§ STUDY MATERIAL:
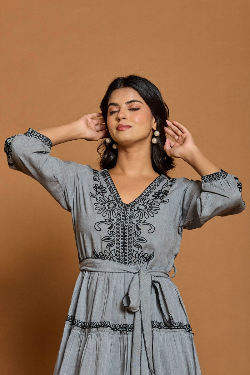 Slate Grey Embroidered A-Line Short Dress with Waist Belt
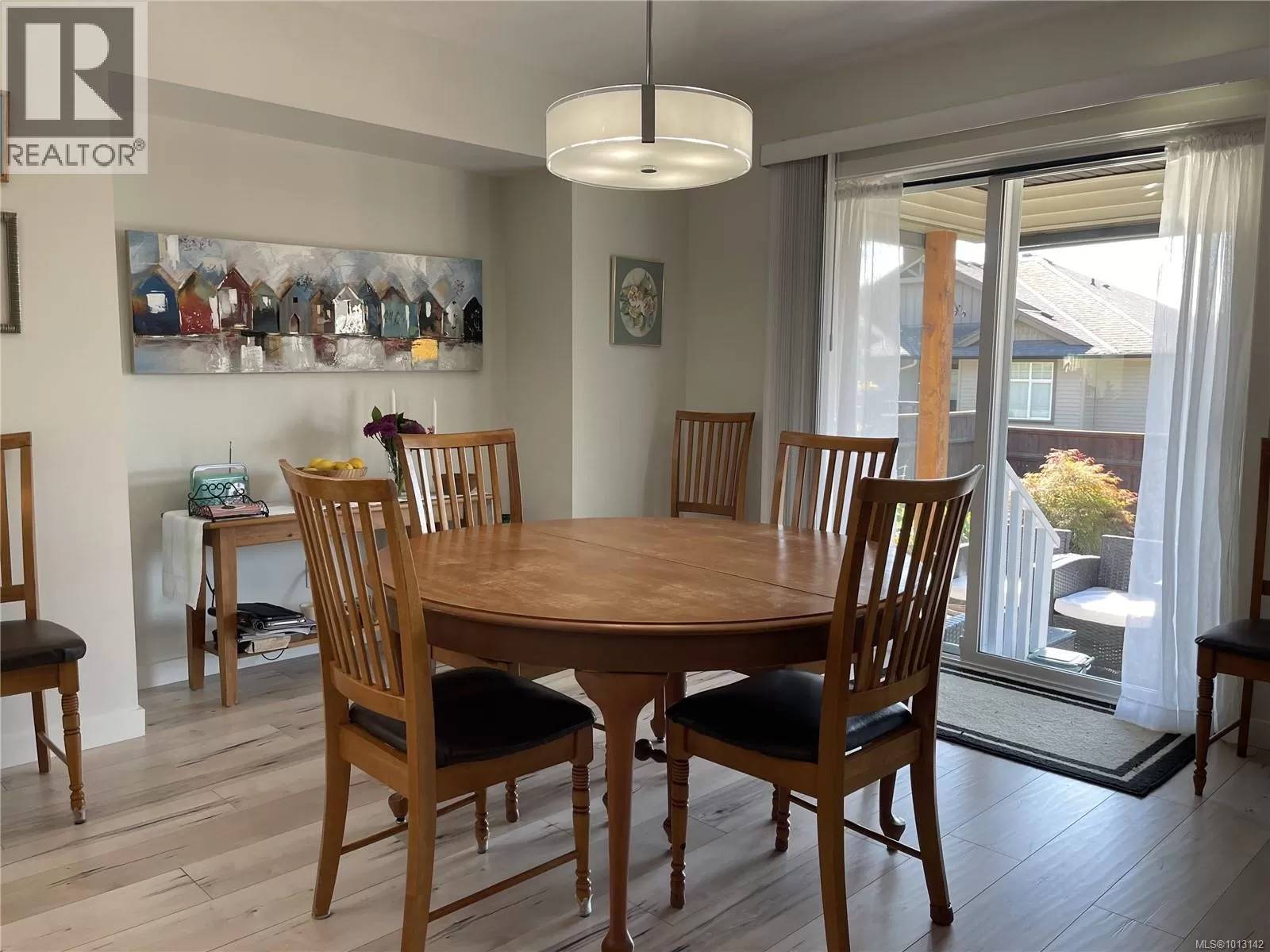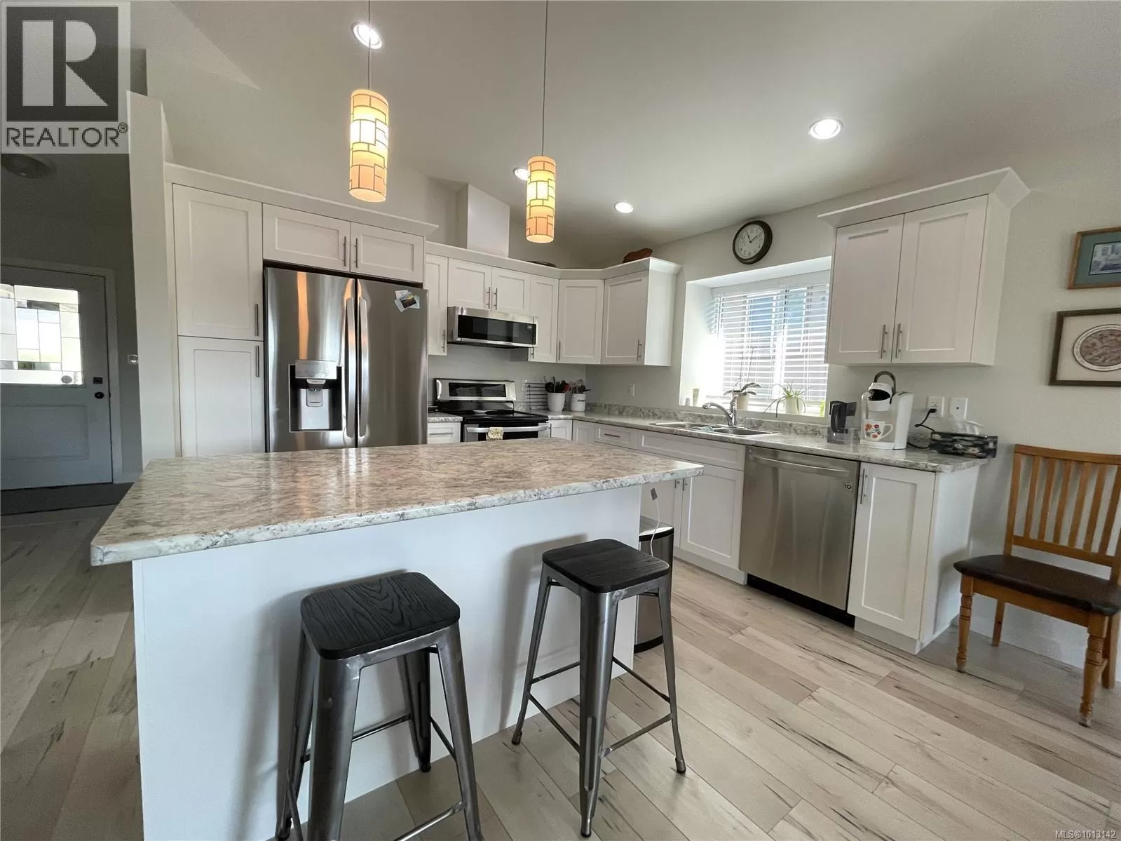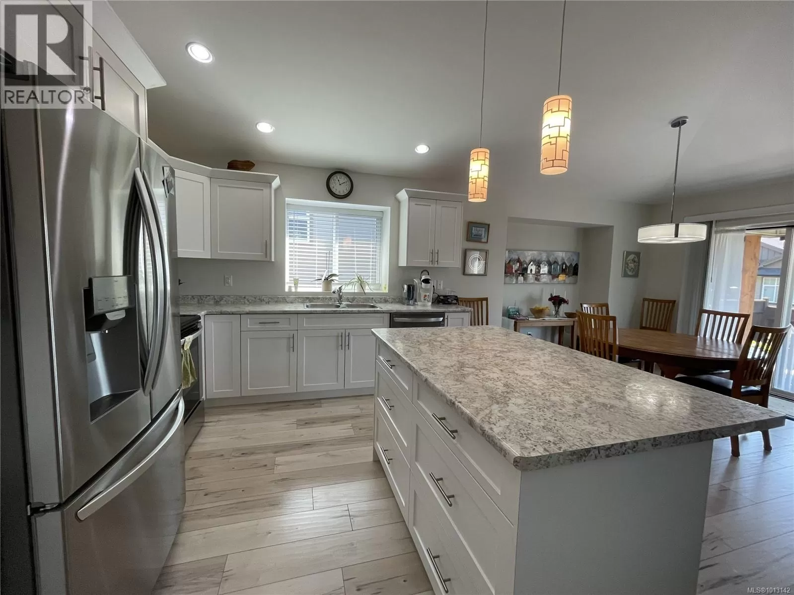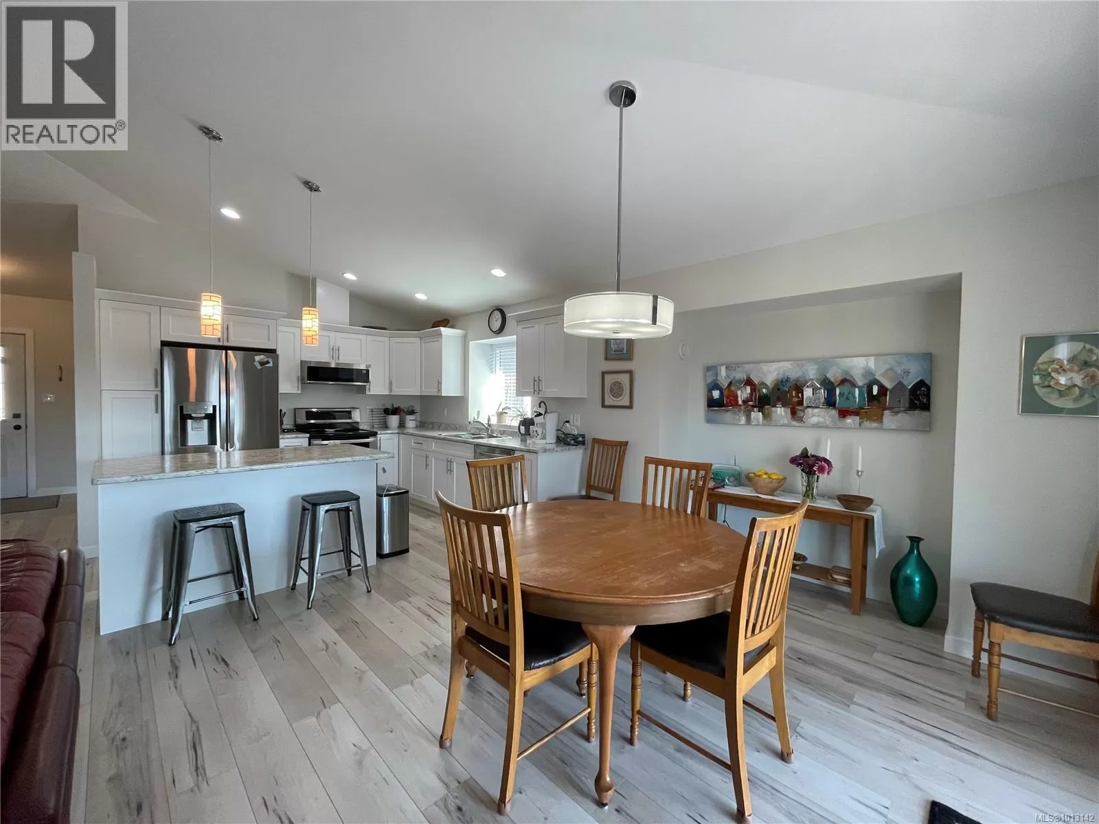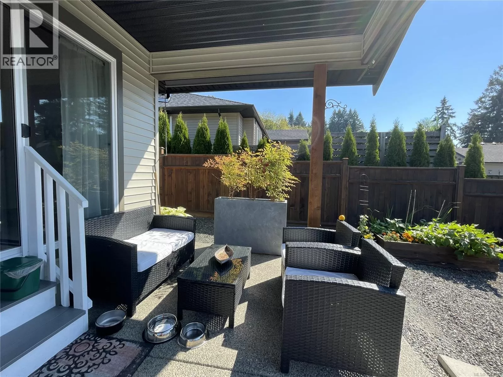Welcome to this immaculate 3-bedroom, 2-bathroom rancher nestled in quiet, well-maintained Tomswood subdivision. The open-concept layout features a bright and airy living room with vaulted ceilings, an abundance of natural light, a cozy electric fireplace, and custom built-in shelvingâcreating a warm and inviting atmosphere. The spacious kitchen offers a central island and flows seamlessly into the dining area, which includes a recessed nook perfect for a hutch or sideboard, along with direct access to a covered patio for year-round outdoor enjoyment. The primary bedroom includes a private 3-piece ensuite, while the additional bedrooms share a full 4-piece main bathroom. Outside, the fenced yard features low-maintenance landscaping, ideal for easy living and entertaining friends and family. Tucked behind Tsuma-as Elementary and a short walk to Kitsuksis Walkway, this lovely home is waiting for you. All measurements approximate; verify if important. (id:27476)
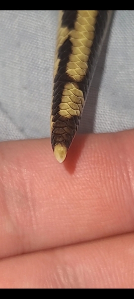 Also, it's normal for the ends of their tails to feel stiffer/sharper/pointier as they age! I think the pointy tail actually helps them hold onto things because my ball python will sometimes dig the pointy end of his tail into me or whatever he is holding onto for a better grip.
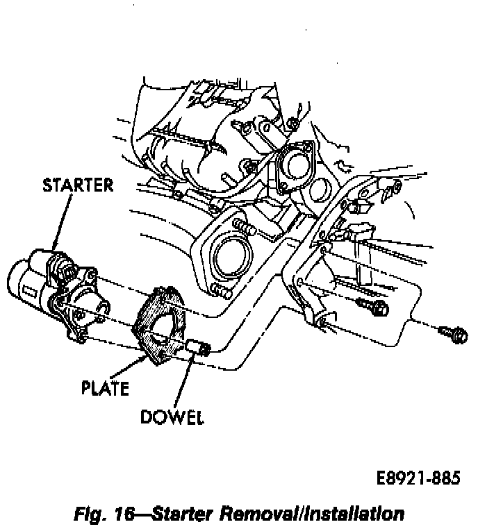 16. Install starter, starter plate and dowel. Tighten starter bolts to 42 N.m (31 ft-lbs) torque.
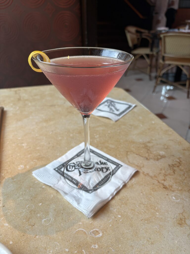 The Cheesecake Factory. I have never, ever enjoyed a Cosmopolitan so much in all my life. Maybe three.
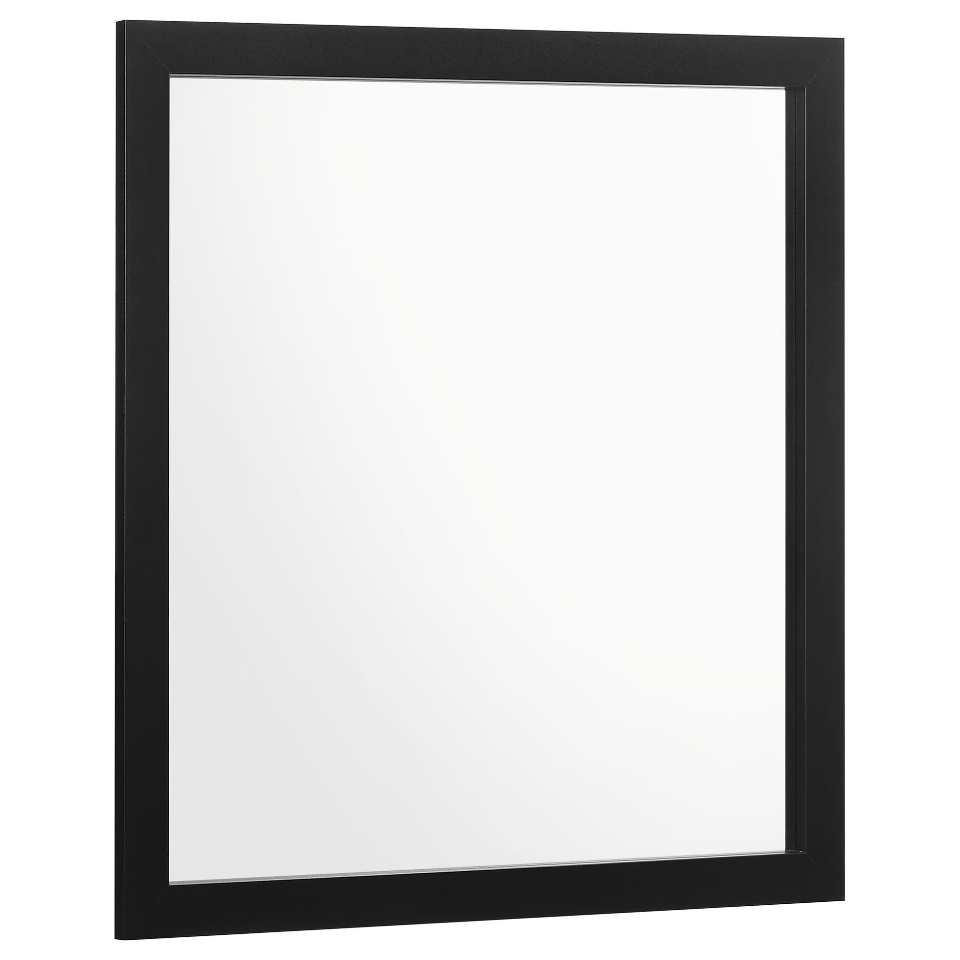 Top off your dresser with this simple and elegantly understated modern mirror. A sleek clean frame surrounds the edges of this rectangular mirror, offering a tall, vertical design against the walls. A smooth, black finish offers a striking contrast, but lends itself to existing bedroom color palettes too. Place this lovely black framed mirror on top of a dresser to create a useful vanity setup. It creates the perfect place to get ready and prepare for the day.

§ ACTION ITEM: The answer is the lines above from the one with "16. Install starter, starter" to the one with "The Cheesecake Factory.", set down exactly, with no pictures.

§ PROBLEM SOLUTION:
 16. Install starter, starter plate and dowel. Tighten starter bolts to 42 N.m (31 ft-lbs) torque.
 The Cheesecake Factory. I have never, ever enjoyed a Cosmopolitan so much in all my life. Maybe three.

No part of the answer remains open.